══ Provided material
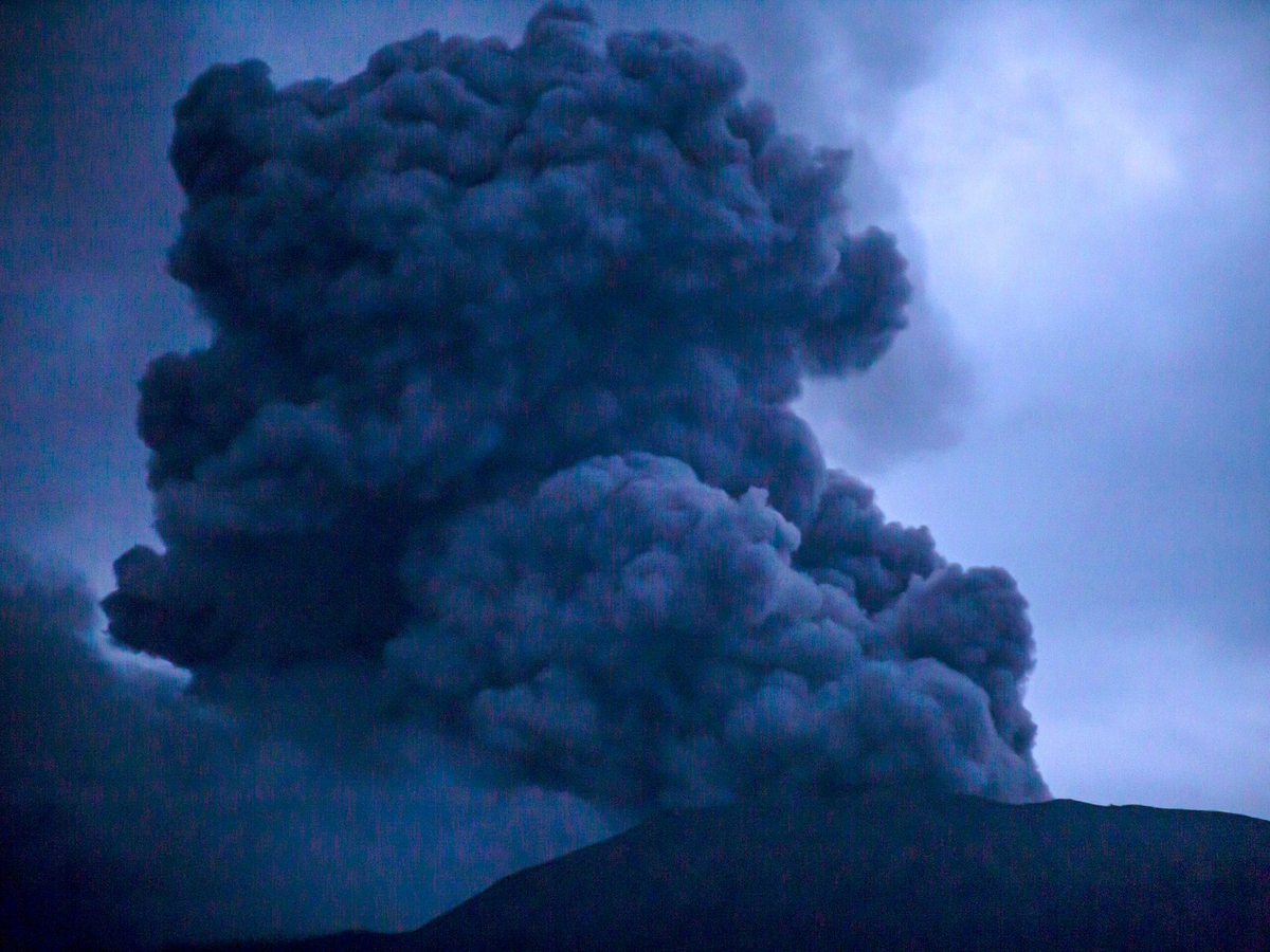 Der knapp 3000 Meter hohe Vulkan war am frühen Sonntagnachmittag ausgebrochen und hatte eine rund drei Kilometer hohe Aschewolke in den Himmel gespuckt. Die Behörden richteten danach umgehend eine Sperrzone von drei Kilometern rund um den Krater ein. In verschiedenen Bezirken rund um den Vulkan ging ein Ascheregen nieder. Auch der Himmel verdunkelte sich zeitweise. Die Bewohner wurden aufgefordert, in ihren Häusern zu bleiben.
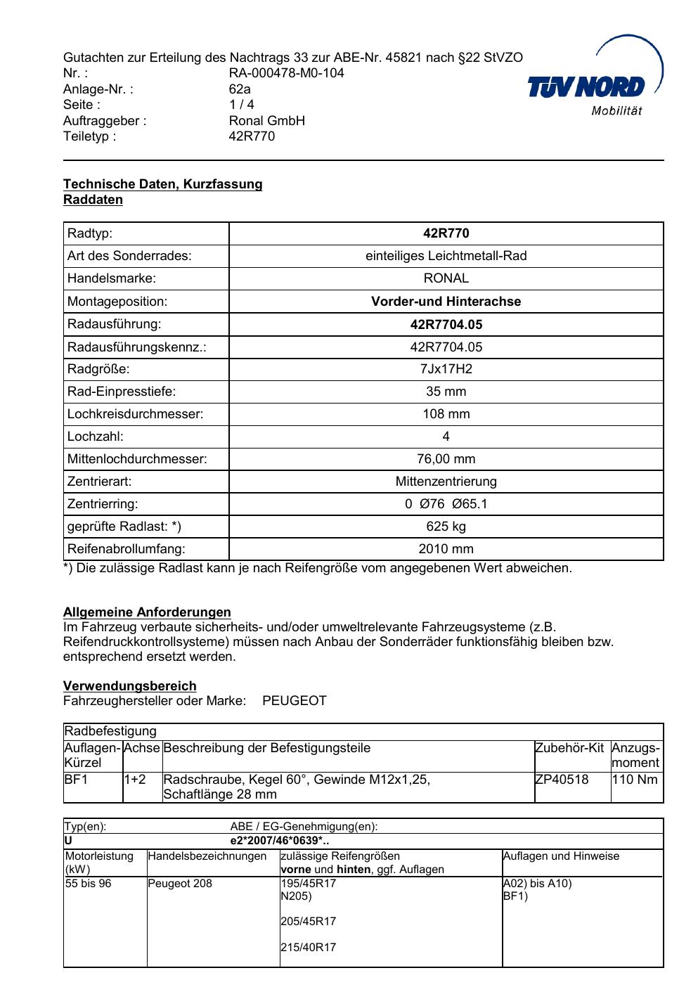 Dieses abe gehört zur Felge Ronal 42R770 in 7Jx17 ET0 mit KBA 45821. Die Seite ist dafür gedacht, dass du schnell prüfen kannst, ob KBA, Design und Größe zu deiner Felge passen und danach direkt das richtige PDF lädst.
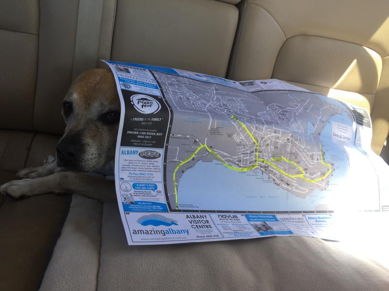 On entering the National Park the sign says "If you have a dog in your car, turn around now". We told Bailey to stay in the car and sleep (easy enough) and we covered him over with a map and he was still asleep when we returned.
════
**Task instructions**
Copy the final stretch of lines, starting at the one that holds "Dieses abe gehört" and ending at the last line of the data, exactly; omit pictures.

**Result of this exercise**
 Dieses abe gehört zur Felge Ronal 42R770 in 7Jx17 ET0 mit KBA 45821. Die Seite ist dafür gedacht, dass du schnell prüfen kannst, ob KBA, Design und Größe zu deiner Felge passen und danach direkt das richtige PDF lädst.
 On entering the National Park the sign says "If you have a dog in your car, turn around now". We told Bailey to stay in the car and sleep (easy enough) and we covered him over with a map and he was still asleep when we returned.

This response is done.